UTF (Unicode Transformation Format) refers collectively to a set of character encoding schemes designed to represent Unicode code points as sequences of bytes or code units. Each UTF variant defines a method to convert the abstract numeric code points of Unicode into a binary format suitable for storage, transmission, and processing in digital systems. The most common UTFs are UTF-8, UTF-16, and UTF-32, each with different characteristics optimized for efficiency, compatibility, or simplicity.
Technically, a UTF defines:
- How each Unicode code point (U+0000 to U+10FFFF) maps to one or more code units (bytes or 16-/32-bit units).
- Rules for encoding and decoding sequences of code units, including handling multi-unit characters and surrogate pairs (for UTF-16).
- Optional markers such as a Byte Order Mark (BOM) to indicate endianness in UTF-16 and UTF-32.
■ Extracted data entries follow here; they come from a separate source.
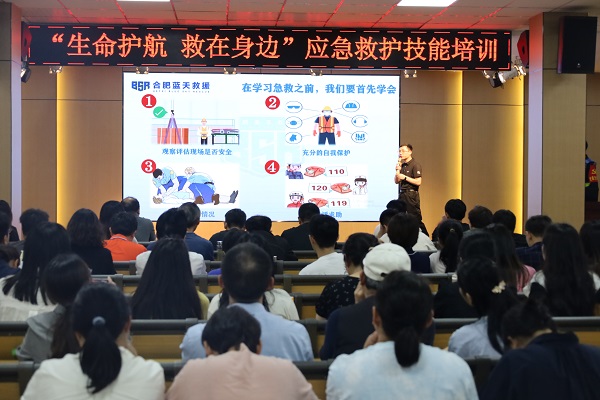 为全面提升校园突发事件应急处置能力,切实筑牢师生安全屏障,4月11日,合肥新康中学特别开展"生命护航 '救'在身边"应急救护技能培训活动。本次活动邀请合肥市蓝天救援队资深急救教师单彬担任主讲,通过"理论+实操"双轨教学模式,为教职工带来专业急救技能培训。
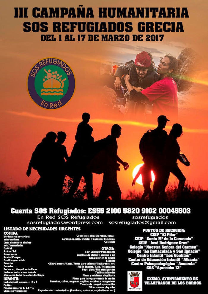 La Concejala de Servicios Sociales, Pilar Carrillo, ha dado a conocer el pasado viernes 24 de febrero el comienzo de la III Campaña Humanitaria SOS ... Refugiados Grecia, que se desarrollará del 1 al 17 de marzo, y a la que se ha adherido el ayuntamiento de Villafranca tras la propuesta de la trabajadora de Aprosuba 13, Eva García Caballero. Para el desarrollo de la campaña se ha solicitado la ayuda a los centros educativos, a los que se requiere comida no perecedera, alimentación infantil y material de higiene personal, aunque también otros objetos como pequeños electrodomésticos, cunas, cochecitos, parques de niños, sábanas, ropa interior..etc. Para el mejor funcionamiento de la campaña se ha agrupado las necesidades por centros.
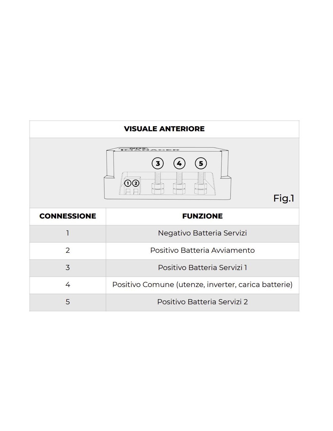 iMANAGER ha inoltre un’uscita dedicata alla batteria motore; il sistema quando rileva una fonte di ricarica (caricabatterie di rete o pannello solare) sulle batterie servizio e quest’ultime sono cariche al 100%, provvede ad inviare alla batteria motore una corrente di massimo 4A per mantenerla carica, evitando così brutte sorprese nella ripartenza dalle lunghe soste.

Examples of UTF variants include:
- UTF-8 — variable-length encoding using 1 to 4 bytes per code point, backward-compatible with ASCII.
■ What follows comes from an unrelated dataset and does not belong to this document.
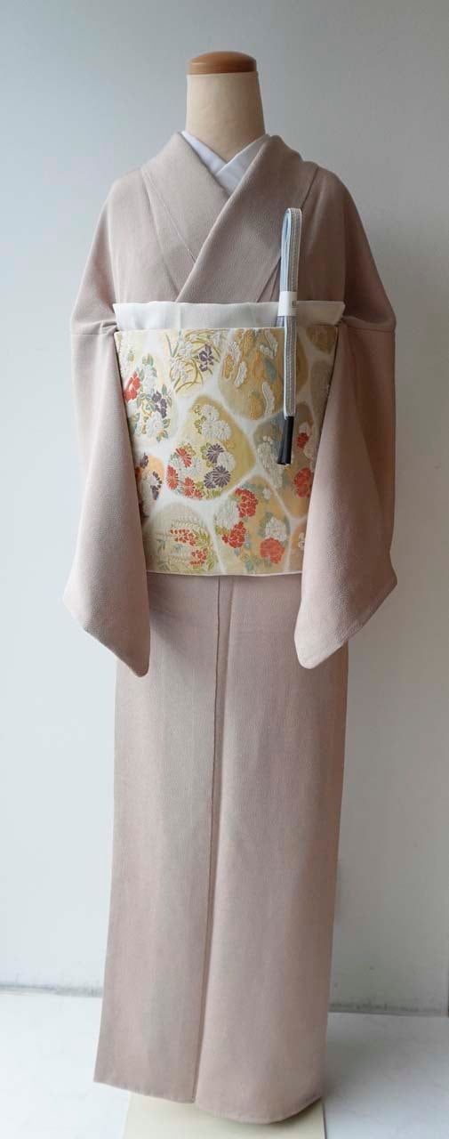 赤白橡色、縮緬地の色無地です。

- UTF-16 — uses 16-bit units, with surrogate pairs for code points above U+FFFF.
- UTF-32 — fixed-length encoding using 32 bits per code point, simple but space-inefficient.
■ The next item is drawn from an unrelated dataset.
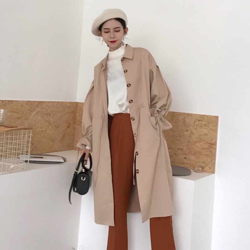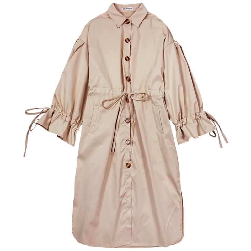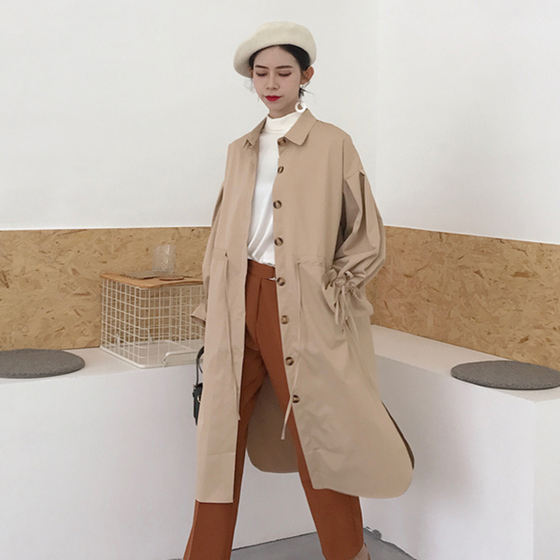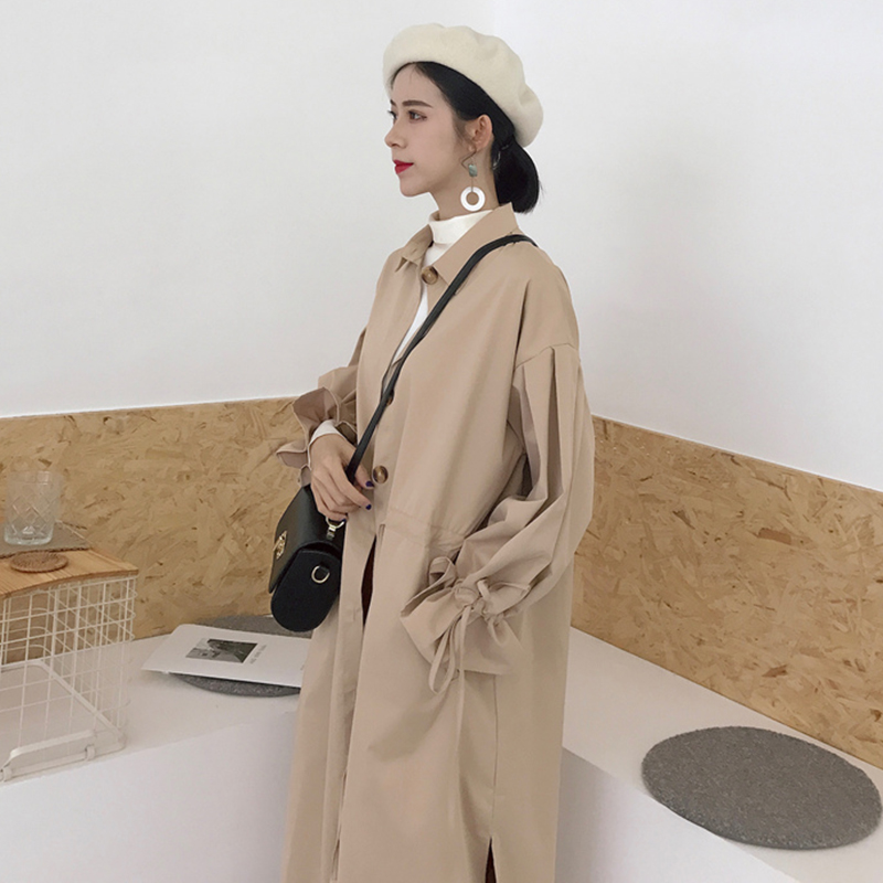 / 卡其色風衣女2018春秋裝收腰顯瘦過膝中長款韓版裙擺風衣外套chic

# example: representing the character "A" in different UTFs
char = "A" # code point U+0041
utf8_bytes = char.encode('utf-8') # b'\x41'
utf16_bytes = char.encode('utf-16') # b'\xff\xfe\x41\x00'
utf32_bytes = char.encode('utf-32') # b'\xff\xfe\x00\x00\x41\x00\x00\x00'
Conceptually, UTF is the bridge between Unicode’s abstract set of characters and practical binary storage or communication formats. Each variant balances trade-offs between storage efficiency, processing complexity, and compatibility with existing systems. UTFs ensure that text in any language or script can be represented reliably across platforms, devices, and applications.
In practice, choosing the appropriate UTF depends on the system’s needs. UTF-8 is most common for web and file formats, UTF-16 is used in environments optimized for 16-bit units (e.g., Windows, Java), and UTF-32 provides straightforward indexing at the cost of storage space.
See Unicode, UTF-8, UTF-16, UTF-32, Character Encoding.